How do I select an instrumentation scheme?
Instrumentation schemes determine the order in which methods are instrumented and the likely number of instrumented methods. By instrumenting a limited subset of the application code instead of all its methods, you can reduce the profiling overhead dramatically. Choosing one or more root methods and instrumenting their call subgraphs is the recommended technique if you profile a long-running application that repeatedly performs the same or similar actions, e.g. a server-side application. However, if you want to profile application startup or a short-running command-line application, it may be more efficient to instrument most or all of the application code.
You can choose from the following three instrumentation schemes:
- Lazy instrumentation
- Eager instrumentation
- Total instrumentation
Lazy instrumentation scheme.
This is the best scheme for profiling long-running applications.
When this scheme is used, the IDE instruments methods in the following way. First, the root method is instrumented. Next, whenever any instrumented method m() is executed for the very first time, its code is scanned and all methods that m() may call are instrumented in turn. In this way, we ensure that the number of methods that are instrumented is close to the number of methods that will be actually invoked by the target application during its execution lifetime. By minimizing the number of methods that are instrumented but not called from the root method, we reduce the instrumentation time itself. We also avoid the overhead that may otherwise be incurred if an instrumented method is not actually called from our root, but is still called from some other part of the program.
Nevertheless, the number of instrumented methods is usually greater than the number of methods actually invoked. The primary reason for this is that in an average Java application, many methods are virtual (that is, not static).
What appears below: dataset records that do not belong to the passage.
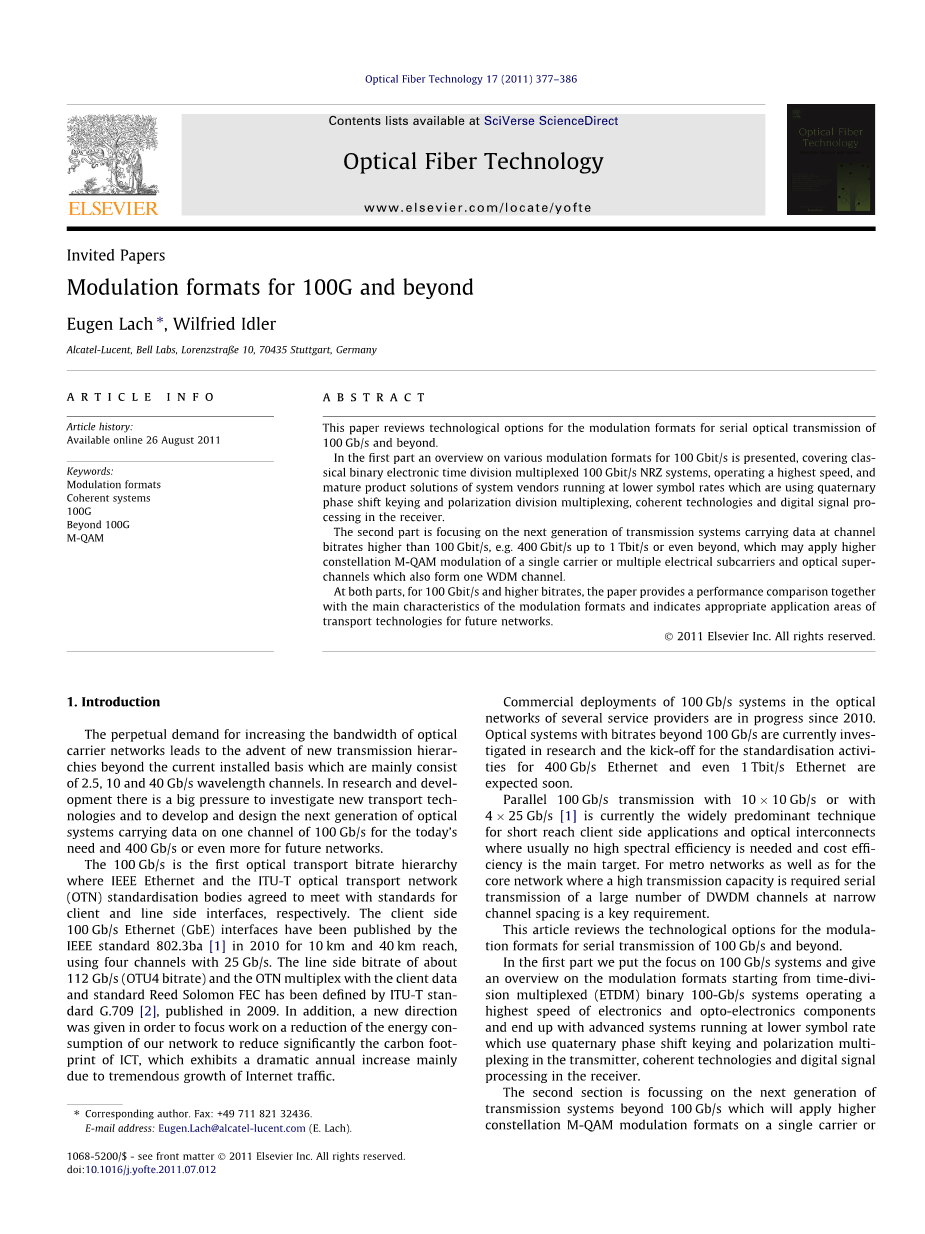 本文进行了关于串行传输的100Gb/s与超100Gb/s的调制格式的技术性分析。
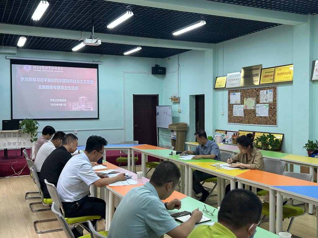 9月1号下午,学生工作党总支在格物楼大学生思想政治教育温馨港召开学习贯彻习近平新时代中国特色社会主义思想主题教育专题民主生活会,学院党委副书记贺天柱和组织部相关人员到会督导。学生工作党总支委员及全体处级干部参加了会议,会议由学生工作党总支书记郝军主持。
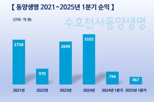 동양생명 킥스비율은 2023년 193.4%에서 2024년 155.5%로, 2025년 1분기는 127.2%로 권고치인 130% 아래로 하락한 상태다. 동양생명은 경과조치를 신청하지 않아 금리 인하 등 제도 변경 영향 폭이 크게 나타난다.
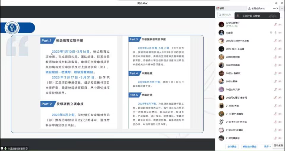 2023年3月10日19时30分,西南大学365上市公司(英国)集团团委学生联合会创新创业部于腾讯会议召开了大学生创新创业训练计划项目经验分享大会。

Therefore, if there is a call like x.m() in the source code, and variable x has type X, the IDE has to instrument not only the X.m() method, but also all implementations of method m() in subclasses of X. This is because it is generally not possible to find out in advance what the actual class of x is going to be at run time (in fact it may change many times), and thus which particular implementation of m() is going to be called.
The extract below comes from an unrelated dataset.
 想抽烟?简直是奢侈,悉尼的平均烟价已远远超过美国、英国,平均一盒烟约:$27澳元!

The lazy instrumentation scheme is best for profiling long-running applications, but it may not work very well if you need to profile the application during the period of time when it loads a lot of classes, or just when instrumentation is in progress. This is due to the fact that in the HotSpot JVM used by the IDE, many application methods are usually compiled into machine code to improve performance. If a method gets instrumented later, the JVM initially switches back to interpretation of its bytecodes (later it can compile this method again). A temporary switch to interpretation may happen even to some methods that are not instrumented themselves, but call instrumented methods. For this reason, during the time when the IDE is discovering the call graph, and for some time afterwards, the application may run considerably slower than normally, and the CPU profiling results obtained during this period are not representative of its normal execution. It is recommended to run the application for some time after initiating the call graph instrumentation (for example, if it's a server-side application, you can make it process a few hundred or thousand requests) and then discard the already accumulated profiling results by invoking Profile -> Reset Collected Results. Profiling results collected afterwards will be much more realistic.
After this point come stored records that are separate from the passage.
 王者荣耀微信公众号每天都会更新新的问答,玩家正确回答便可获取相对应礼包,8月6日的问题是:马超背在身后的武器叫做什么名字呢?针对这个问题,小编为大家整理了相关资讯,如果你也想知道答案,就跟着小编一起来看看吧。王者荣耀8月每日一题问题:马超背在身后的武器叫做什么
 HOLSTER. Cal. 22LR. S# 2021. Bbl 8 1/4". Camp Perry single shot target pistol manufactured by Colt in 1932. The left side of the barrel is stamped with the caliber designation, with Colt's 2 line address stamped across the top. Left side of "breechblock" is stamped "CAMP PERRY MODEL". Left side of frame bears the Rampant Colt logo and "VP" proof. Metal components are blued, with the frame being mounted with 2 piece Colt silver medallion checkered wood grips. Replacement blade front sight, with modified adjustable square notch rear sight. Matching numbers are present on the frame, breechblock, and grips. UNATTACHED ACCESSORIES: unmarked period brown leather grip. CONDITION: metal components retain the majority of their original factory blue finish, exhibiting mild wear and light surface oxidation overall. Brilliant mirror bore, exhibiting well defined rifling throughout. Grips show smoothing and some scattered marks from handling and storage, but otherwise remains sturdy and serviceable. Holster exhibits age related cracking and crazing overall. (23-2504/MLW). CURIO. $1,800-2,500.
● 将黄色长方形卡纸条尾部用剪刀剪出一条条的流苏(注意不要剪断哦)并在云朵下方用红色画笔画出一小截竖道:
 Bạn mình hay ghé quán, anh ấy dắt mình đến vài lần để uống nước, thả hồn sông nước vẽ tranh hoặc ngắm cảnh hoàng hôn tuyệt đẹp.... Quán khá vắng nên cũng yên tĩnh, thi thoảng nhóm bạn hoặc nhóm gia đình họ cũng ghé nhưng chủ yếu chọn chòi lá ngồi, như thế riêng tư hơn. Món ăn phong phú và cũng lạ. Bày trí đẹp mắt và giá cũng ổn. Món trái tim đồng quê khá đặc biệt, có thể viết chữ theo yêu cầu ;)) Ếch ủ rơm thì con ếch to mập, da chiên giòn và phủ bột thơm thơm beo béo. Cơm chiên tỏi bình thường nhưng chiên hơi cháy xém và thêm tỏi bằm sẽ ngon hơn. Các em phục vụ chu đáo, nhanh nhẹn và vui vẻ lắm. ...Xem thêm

Eager instrumentation scheme
Eager instrumentation is a compromise between the other two schemes. Unlike the lazy scheme, eager scheme locates all potentially reachable methods (that is, methods that can be called by the root method directly or transitively) in a class as soon as this class is loaded. Eager analysis for potential reachability may lead to many more methods instrumented than called (sometimes 10 times plus), so it is generally not recommended to use this scheme for long-running applications. However, it usually results in a much smaller number of repeated method decompilations and recompilations, and thus may be useful - for example, when profiling an action that happens during application startup, when it appears that total instrumentation results in too much overhead.
Total instrumentation scheme.
This scheme is used in the Analyze Performance -> Entire application profiling task.
With this scheme selected, the IDE works like most other profilers, i.e. instruments all of the target application's methods immediately when a class containing these methods is loaded. This scheme may result in a huge overhead for long-running applications, but it usually gives more accurate results and may even impose a smaller overhead if used for profiling application startup or for profiling relatively small, short-running applications such as command-line utilities. This is because it does not suffer from the repeated method decompilation and recompilation problem that occurs when using the lazy instrumentation scheme.